Last Sunday night marked the fifth stop on our Great India Buffet Tour of the Pittsburgh area, to take advantage of the Deluxe Dinner Buffet at India Garden on Atwood Street.
This was by no means my first visit to the India Garden in Oakland (nor was it Sabrina’s or Nik’s), a venerable institution of cheap spicy eats for the college crowd that has been around since my own college days. I’ve been there before for the late night half priced special, as well as to the lunch buffet on a non-Great-India-Buffet-Tour-related trip.
The evening started with a modicum of confusion. Seeing from the website that the dinner buffet was offered on Sunday night, and that dinner was served until 11:00pm, we naturally assumed that an 8:00 start time for dinner was not a problem. But as we sat and chatted, the waiter confirmed that we were getting the buffet and informed us it would be closing at 9:00pm. Okay… certainly not fatal to our evening, but that would have been nice to know on the website so that we did not risk planning a prohibitively late dinner.
Taking in the buffet, we decided that on the scale of size, this buffet fell somewhere on the scale of smaller than Taj Mahal but larger than Coriander, effectively making it the second largest buffet we have visited so far. There was a wide selection of vegetable curries, including favorites such as Saag and Vegetable Korma. There was a potato and chickpea curry, a yellow dal, a vegetarian Sambar curry and a mattar paneer. There were two chicken curries, as well as a shrimp and a goat curry, making for an impressive non-vegetarian selection. In addition, there were some dry vegetables, and a salad bar with an array of chutney and pickle, but I didn’t avail myself of any of these, save for some hot red pepper sauce.
My favorite item on any India buffet is the Saag (aka the palak, depending on some difference of regional dialects of which I know nothing, or so I presume). That night the saag was served with mushrooms, which was a first in my experience, but certainly no less agreeable than any saag with chicken, paneer, lamb, chickpeas or potatoes (moreso, actually, than the potatoes) I’ve had in the past. It can hold its own against any saag in the city. The vegetable korma was tasty, and no objections were raised on the consistency, as they were at Coriander. The chickpea and potato curry and sambar curries were tasty enough, the yellow dal was nothing special, and the mattar paneer was better than average, as I am usually extremely underwhelmed by mattar paneer, and this one I found okay (though, didn’t encounter any paneer).

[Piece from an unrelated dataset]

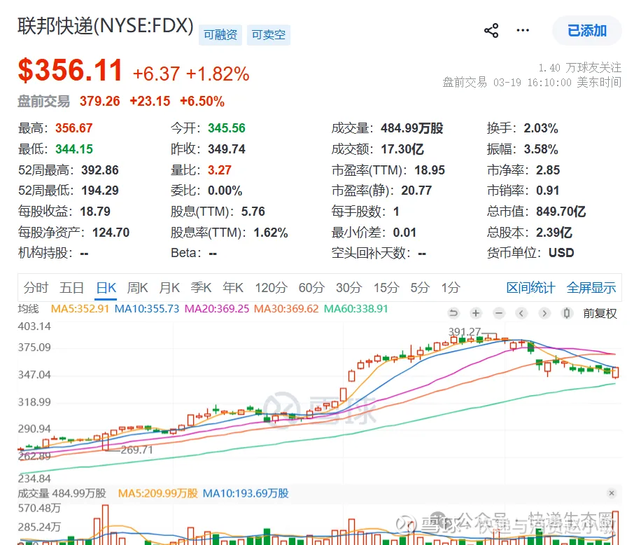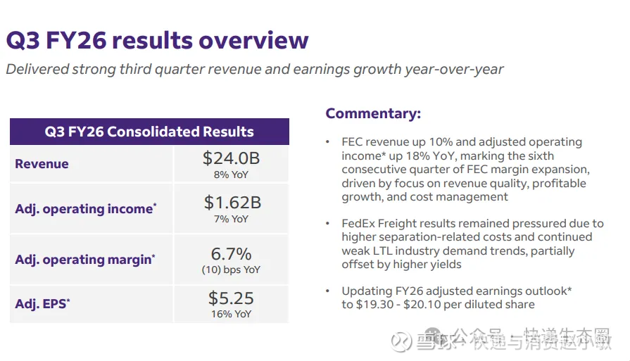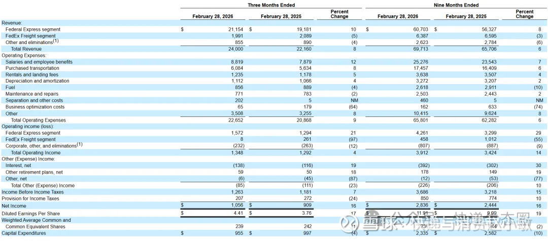 $联邦快递(FDX)$ 3月19日,联邦快递发布发布第三财季截至2月28日业绩,财报数据显示,本财年调整后每股收益为19.30至20.10美元,此前预期为17.80至19美元;第三财季营收240亿美元,分析师预期234.9亿美元;第三财季调整后运营利润16.2亿美元,分析师预期13.7亿美元。联邦快递同时上调全年调整后每股收益指引至19.30至20.10美元,此前为17.80至19美元。

The highlight of the buffet was within the meat section. I didn’t try any of the shrimp curry, but Nik highly recommended it (I was too full by that point to go back just to try the shrimp). There was a goat curry offered, but I don’t recall that any of us tried it… mostly we were enamored of the Chicken Chettinad. I have had chettinad from a few Indian restaurants in the past, but it is not a terribly common Indian Restaurant menu item, and this is the first time I have seen it on a buffet. It is a flavorful and fragrant curry which relies on many of the brown spices, such as cinnamon, clove and black cardamom. It was, by far, mine and Sabrina’s favorite item on the buffet. The other chicken offering, the more predictable Tikka Masala, was enjoyable. It was a particular favorite of Nik’s.
The dessert selections were limited: a fruit salad and a rice pudding. I was the only one who availed herself of dessert, enjoying two small helpings of the refreshingly sweet and spiced rice pudding.
A table-wide assessment of the Buffet Tour thus far resulted in the India Garden dinner buffet ending up a solid third on the list. The quality was good, we found, enough to trump Taj and Taste, despite the enormity of the Taj buffet, but it still came in behind Coriander and Tamarind, which remains our leader several stops into the tour after pulling ahead as the early front runner.